Saturday, October 25, 2014

What You're Looking For

I received a card in the mail this past week from a friend who used to run her own small coffee business.  She got out years ago to pursue other interests.  But this week, she writes:

I am in the middle of a career struggle

[I am] wondering why I ever left the business.  I attempted to apply for other coffee jobs with [insert two large coffee company names here].  They all wanted bachelors degrees and more years of direct distribution.  My passion and life skills were not enough for them

We all work for a variety of reasons.  As Sigmund Freud so aptly put it, "love and work are the cornerstones of our humanness".  I think our approach to work, like so many other human endeavors, is an onion: there are layers upon layers of need.
 
In America, the most obvious and socially sanctioned reason to work is for financial gain.  We work for money.  But beyond financial need, I have found that entrepreneurs are often searching for validation.  In the entrepreneurial mindset, success in business acts as a salve for unrelated afflictions of self-doubt.  The failures of small business are personal, but the triumphs are equally personal. 

For instance, I am the only member of my family without a graduate degree.  I am entirely unqualified for ANY job that ANY of my brothers or parents might have held.  And thus Kaladi Coffee: I engineered (and lucked) my way into a job that is meaningful to me.  Like everyone else, I have waded through perilous trenches, but I have managed to get what I need without having to jump certain hoops that I thought were demeaning, extraneous, and arbitrary.  I feel validated becauseI have managed to get by without having to comply with forces I don't respect.

Where I got very lucky was with regard to profitability.  Small business is often not terribly profitable.  Some small businesses go broke soon after opening.  But many, many more straggle on for years with the principals earning what amounts to six dollars an hour for for all their worry and effort.

Thus some people migrate from entrepreneurship to work with a larger employer.  We forego the fulfillment of many personal satisfactions in order to satisfy overwhelming financial need.

The problem is that, for many of us,  the validation serum administered by employment at a big company is less potent than the the stuff we get when we work for ourselves.
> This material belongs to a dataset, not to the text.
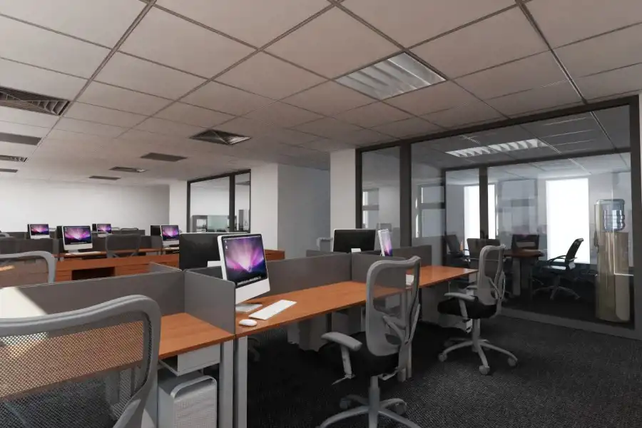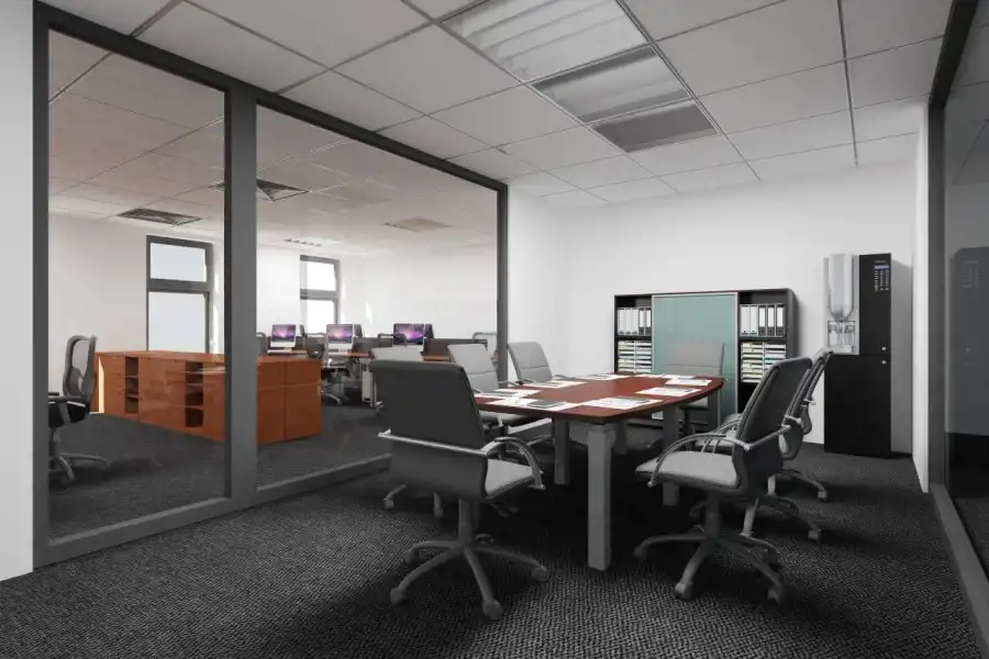 Lokal został podzielony na pomieszczenia biurowe, gabinety i sale konferencyjne,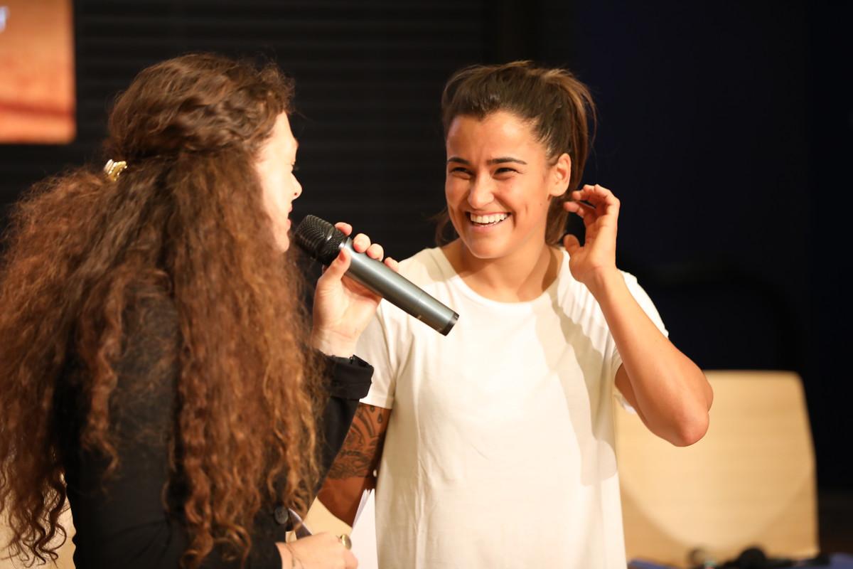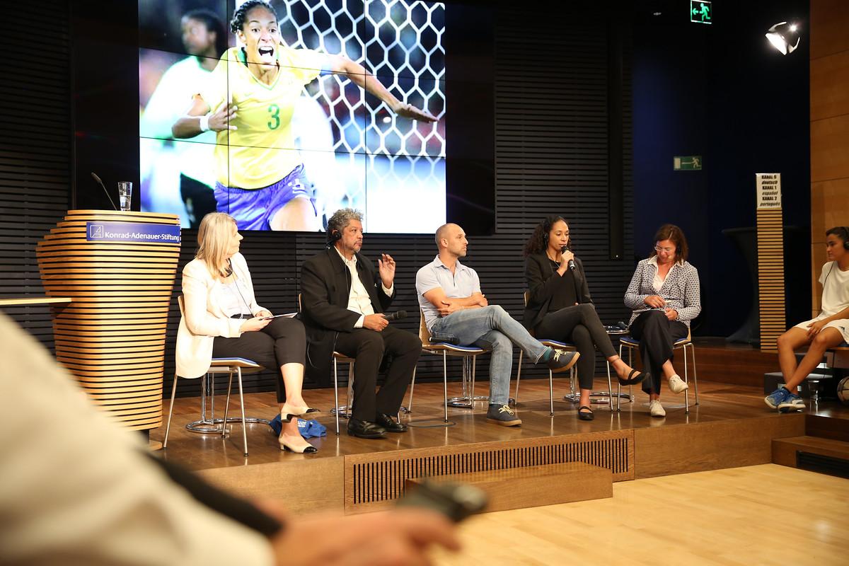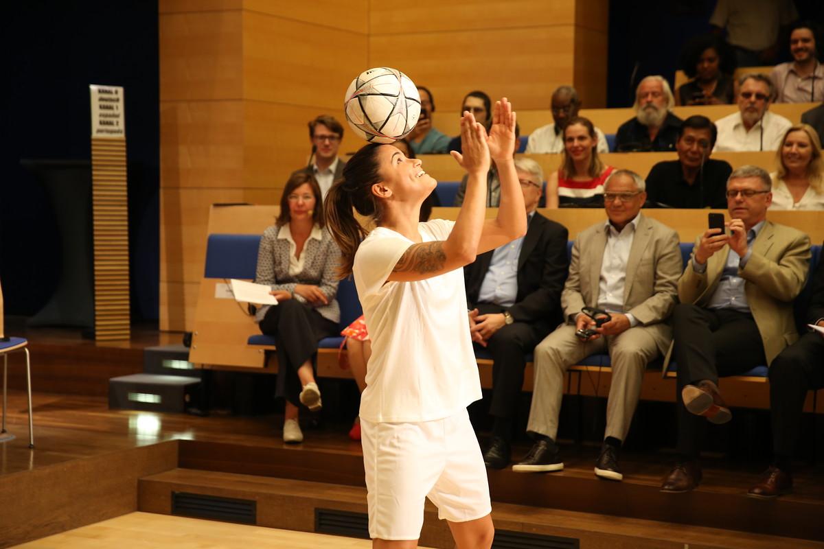 „Brasilien ist ein Fußballland“, sagt Aline Pellegrino. Jedoch nur ein Fußballland für Männer, schränkt sie ein. Die ehemalige Spielführerin der brasilianischen Frauennationalmannschaft begann ihre Fußballkarriere ähnlich wie Freestylerin Aylin Yaren auf der Straße. Als Aline 1982 in São Paulo geboren wurde, ist es Frauen erst seit drei Jahren überhaupt erlaubt, Fußball zu spielen. Bis 1979 war Fußball für Frauen in Brasilien gesetzlich verboten. In der Diskussion mit Moderatorin Romy Köhler erzählt Aline Pellegrino von einer Zerrissenheit, die sie in ihrem Land mehr und mehr spürt. Der Sport habe die verbindende Kraft, die Menschen wieder zusammenzubringen. Damit das gelingt, müssen auch die Athleten Position gegen Geschlechterklischees und Vorurteile auf dem Spielfeld und auch in der Gesellschaft.

It's like being fed peanuts instead of pork chops: peanuts will nourish you, but they won't make you feel like a satiated carnivore.

So I guess my first question for this friend is "what needs are you trying to fill"?  And, since we live in an imperfect world, we should ask that question's corollary: "must all of your needs be filled in one place"?

Are you searching for a job, or are you searching for something more?